5 fold cross validation results : The results of different models are given in the Table 1.

Table 1 : Performance compression of different models.

Models	No of features	Sensitivity	Specificity	Accuracy	PPV	NPV	MCC	Area under curve in ROC curve
SVM(Amino acid and dipeptide)	420	71.85	70.38	70.71	41.41	89.62	0.36	0.78
SVM(Amino acid and triad)	363	72.96	71.67	71.96	43.09	90.15	0.39	0.77
BLAST	NA	60.74	91.85	84.86	68.33	90.87	0.55	0.76
SVM(Amino acid and dipeptide)+BLAST	NA	77.41	79.72	79.20	52.51	92.41	0.51	0.82
SVM(Amino acid and triad)+BLAST	NA	78.52	77.89	78.04	50.72	92.60	0.49	0.82

Performance in unkown set from all Swiss-Prot proteins(Mouse and Human) : We evaluated all Swiss-Prot proteins of mouse and human by our proposed prediction model. For mouse we got 233 novel core pluripotent proteins and 323 novel extended pluripotent proteins. For human model, we got 167 novel core pluripotent and 385 extended pluripotent proteins.

Figure 3 : Protein-protein interactions of pluripotent proteins that were predicted from all Swiss-Prot mouse proteins and are associated with core pluripotent transcription factors Sox2,Pou5f1 and Nanog. Blue nodes are the newly predicted pluripotent proteins that are not in the positive training dataset and other nodes are predicted pluripotent proteins and also in the positive training dataset.
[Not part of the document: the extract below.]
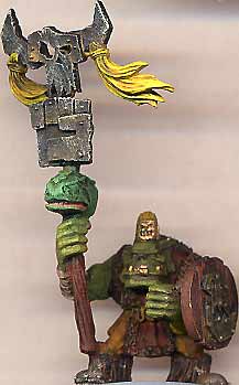 Because we have rules for Standards in Mordheim, I whipped up this conversion. The standard is made from a 40K ork boss back banner, atop a feral orc standard pole (including severed Lizardman head). The shield is from the plastic orc regiment. The body, however, is actually one of the old Snakebite ork metal bodies, perfect for savage orcs. | ![]() |
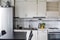Köket går i tidlöst vitt med skåp ända upp till taket för optimal förvaring. Utrustat med spis/ugn, kyl/frys och köksfläkt med små hyllor framför. Diskho med tillhörande diskbänk samt en yta i vitt. Ovanför bänken sitter kakel i vitt.

Figure 4 : Protein-protein interactions of pluripotent proteins that were predicted from all Swiss-Prot human proteins and are associated with core pluripotent transcription factors SOX2,POU5F1 and NANOG. Blue nodes are the newly predicted pluripotent proteins that are not in the positive trainig dataset and other nodes are predicted pluripotent proteins and are also in the positive training dataset.

Conclusion :

This is an organism independent prediction server where it predicts pluripotent proteins/genes with their confidence level to be pluripotent protein/gene. So it can help the biological community by helping not only pluripotent stem cell research, but also in developmental biology, stem cell research and cancer research.